A sound of rustling and clashing chains were heard as Nulls wrestled with the chains. The chains didn't so much as crack, additionally the sounds of the chains was deeply unpleasant to his ears. Finally he gave up and back into his original standing position, it was uncomfortable and agonizing but there isn't much of a choice.

He lets out a deep sigh letting his shoulder relax and his mind to wander off, after all, he had managed to cast a spell. It was only a matter of time before the chains snapped. Having that in mind his only problem are how could he entertained himself during the spare time?
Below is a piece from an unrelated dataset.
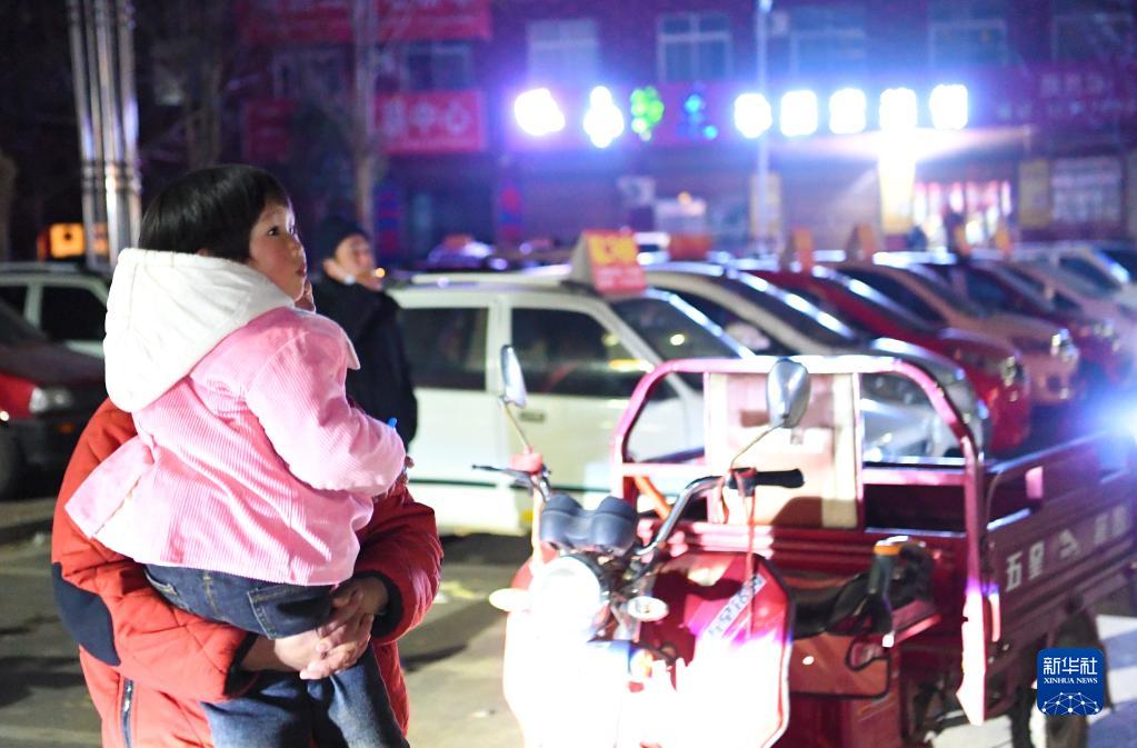 1月18日晚,女兒靳佳穎和爺爺奶奶來到村廣場,等候父母返鄉(xiāng)乘坐的長途大巴。

He began moving his eyes rapidly, scanning every inch of the room for a possible flaw. There was none. The cube was somehow perfectly engineered to imprisoned him, as if they know everything about him in the first place. But how?

The thought rang out in his mind, akin to that of a church bell, he still remember each of them they seemingly have a dominion over a certain aspect of reality, he has seen one of them controlled space, matter, energy and many things. Just then he remember of an old Theos proverb.

"Time and place are always a pair, you can't have one without the other. They are a pair, two faces of the same entity."

It was meant to be an unserious epigram, something that Theos playwright removed from their script because of the lack of meaning it had. But Nulls finally saw a link between his situation and the epigraph he finds mediocre and inferior at best.

The corner of his mouth curled up, he could feel the chains tightening inside his spine. He shifted his gaze to Yog's codex and whispered with a little power that he had.

"Humans are interesting aren't they Yog?"